AWC’s habitat restoration – includes:

  • Providing strategic advice on habitat restoration to private landholders and key stakeholders impacted by the bushfires;
  • AWC has a substantial program to rewild habitats (not impacted by the bushfires) where native mammals have gone regionally extinct in order to restore ecosystem health and functioning;
  • Undertaking practical land management such as removing feral herbivores (i.e. goats, sheep, cattle, donkeys, rabbits), controlling feral predators (cats, foxes) to restore biodiversity;
  • Fire management (AWC is a national leader in fire management and implements the largest non-government fire management program across more than 7.5 million hectares of Australia).  In all of the regions where we have implemented this program we have seen wildfires reduced by more than 50%. The science tells us we are getting this right – by preventing large-scale wildfires we are effectively halting the decline of Australia’s biodiversity and restoring our natural capital.  This puts AWC in a unique position to share our knowledge and contribute towards the national debate about how to future-proof Australia’s landscapes from bushfire devastation. 

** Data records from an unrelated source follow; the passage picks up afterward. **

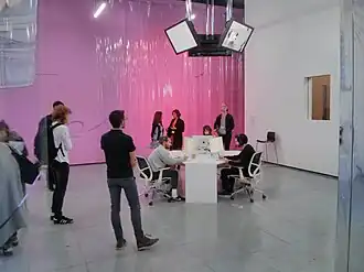 Since 2014, LaBeouf, Rönkkö & Turner have engaged in a number of talks and lectures, including at London College of Fashion, in which LaBeouf read passages from Guy Debord's 1967 Situationist work The Society of the Spectacle,[89][90] and at Radboud University Nijmegen, where they presented a talk on metamodernism via Skype.[91][92] In February 2016, during a performative talk at the Oxford Union, the trio spent 24 hours occupying an elevator (#ELEVATE), engaging with students and members of the public for the duration, and stopping only to give a conventional hour-long talk in the Union debating chamber midway through.[93] Their interactions inside the elevator were simultaneously broadcast inside the debating chamber and online via livestream.[94]
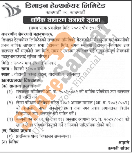 Divine Healthcare Limited has announced its AGM going to be held on 10th Magh, 2082.
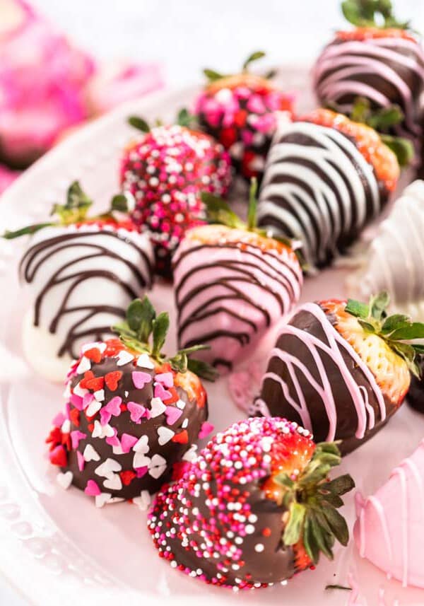 Para ello podemos derretir un poco de chocolate en el microondas, bañamos algunas fresas en el chocolate, las dejamos secar y finalmente las ensartamos en unos palitos de brocheta, y ¡listo!.
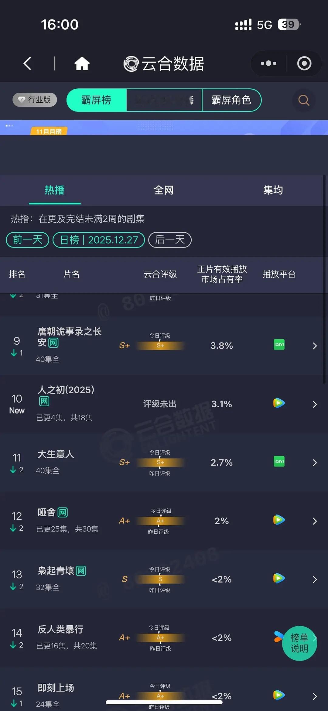 大盘将将上2?老舅 4300+ 骄阳似我 2400+罚罪2 2300+逍遥首日 6.9% 1300+ 双平台扑开人之初首日 3.1% 600+ 扑开

Securing Australia’s natural capital over the long term – in addition to our land management actions, we are undertaking rigorous scientific research:

  • To find solutions for preventing large-scale wildfires;
  • Into strategies for controlling feral predators on a landscape scale;
  • To determine how Australia’s changing climate will impact our wildlife in the future, and the interventions required to secure Australia’s biodiversity over the long term.